■ **Data for the task**
****************

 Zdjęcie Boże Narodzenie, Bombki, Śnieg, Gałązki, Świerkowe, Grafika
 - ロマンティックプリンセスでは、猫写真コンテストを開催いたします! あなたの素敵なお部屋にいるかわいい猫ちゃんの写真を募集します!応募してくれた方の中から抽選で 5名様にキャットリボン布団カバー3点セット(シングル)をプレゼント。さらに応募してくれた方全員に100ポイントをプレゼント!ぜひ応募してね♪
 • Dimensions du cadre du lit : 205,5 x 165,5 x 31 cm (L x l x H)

****************

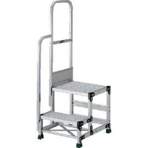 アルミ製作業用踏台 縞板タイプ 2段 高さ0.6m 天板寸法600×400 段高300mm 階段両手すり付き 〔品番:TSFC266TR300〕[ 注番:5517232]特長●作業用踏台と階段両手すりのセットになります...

****************

■ **Work to complete**
Reproduce, word for word and in full, only the lines above that start at the line with "Gałązki, Świerkowe, Grafika" and run through the line with "(L x l x H)", both ends included.

■ **Exercise response**
 Zdjęcie Boże Narodzenie, Bombki, Śnieg, Gałązki, Świerkowe, Grafika
 - ロマンティックプリンセスでは、猫写真コンテストを開催いたします! あなたの素敵なお部屋にいるかわいい猫ちゃんの写真を募集します!応募してくれた方の中から抽選で 5名様にキャットリボン布団カバー3点セット(シングル)をプレゼント。さらに応募してくれた方全員に100ポイントをプレゼント!ぜひ応募してね♪
 • Dimensions du cadre du lit : 205,5 x 165,5 x 31 cm (L x l x H)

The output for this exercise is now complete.